Does every covered entity need both a BAA and an NPP?

Most covered entities with direct patient relationships need both. An NPP is required by § 164.520 for covered entities with direct patient relationships. BAAs are required by § 164.504(e) for any relationship where a vendor accesses PHI on the CE's behalf — which applies to virtually all covered entities that use any technology vendors.

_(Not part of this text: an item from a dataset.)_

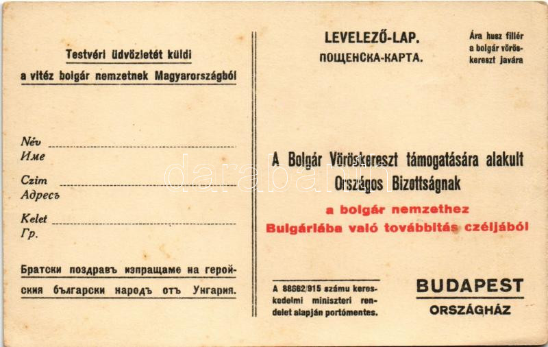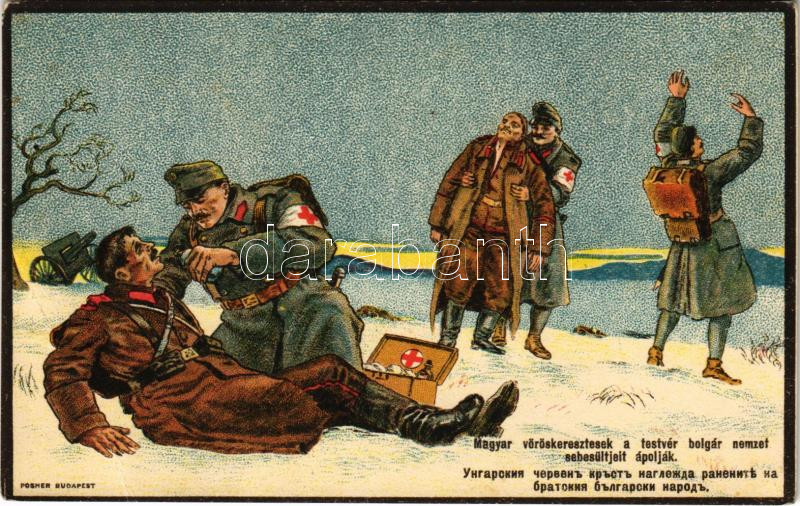 Magyar vöröskeresztesek a testvér bolgár nemzet sebesültjeit áolják. Testvéri üdvözletét küldi a vitéz bolgár nemzetnek Magyarországból... a Bolgár Vöröskereszt javára / WWI Austro-Hungarian K.u.K. military art postcard, Hungarian Red Cross medics giving first aid to Bulgarian soldiers. Charity card for the Bulgarian Red Cross fund, litho (EB)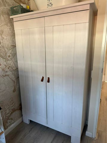 Mooie witte kledingkast voor kinderkamer gratis af te halen. De kast is gebruikt, maar in goede staat en biedt veel opbergruimte met zowel planken als een hanggedeelte. Ideaal voor het organiseren van

Do business associates need NPPs?

Generally, no. BAs do not have direct patient relationships and are not required to provide NPPs to patients. A BA that is also a covered entity in a separate capacity must provide NPPs in that CE role. Some patient-facing BA applications may provide privacy notices voluntarily, but these are not NPPs in the regulatory sense.

What CFR section governs BAAs vs NPPs?

BAA requirements: 45 CFR § 164.504(e) — specifying required contractual provisions. NPP requirements: 45 CFR § 164.520 — specifying required content, distribution, and posting. These are distinct regulatory sections with no overlap in requirements.

Can one document serve as both a BAA and an NPP?

No. A BAA and NPP are fundamentally different in purpose, audience, and content. A BAA requires signatures from both parties; an NPP is distributed unilaterally. They cannot be combined. Any document that attempts to serve both functions would likely fail to satisfy either set of regulatory requirements.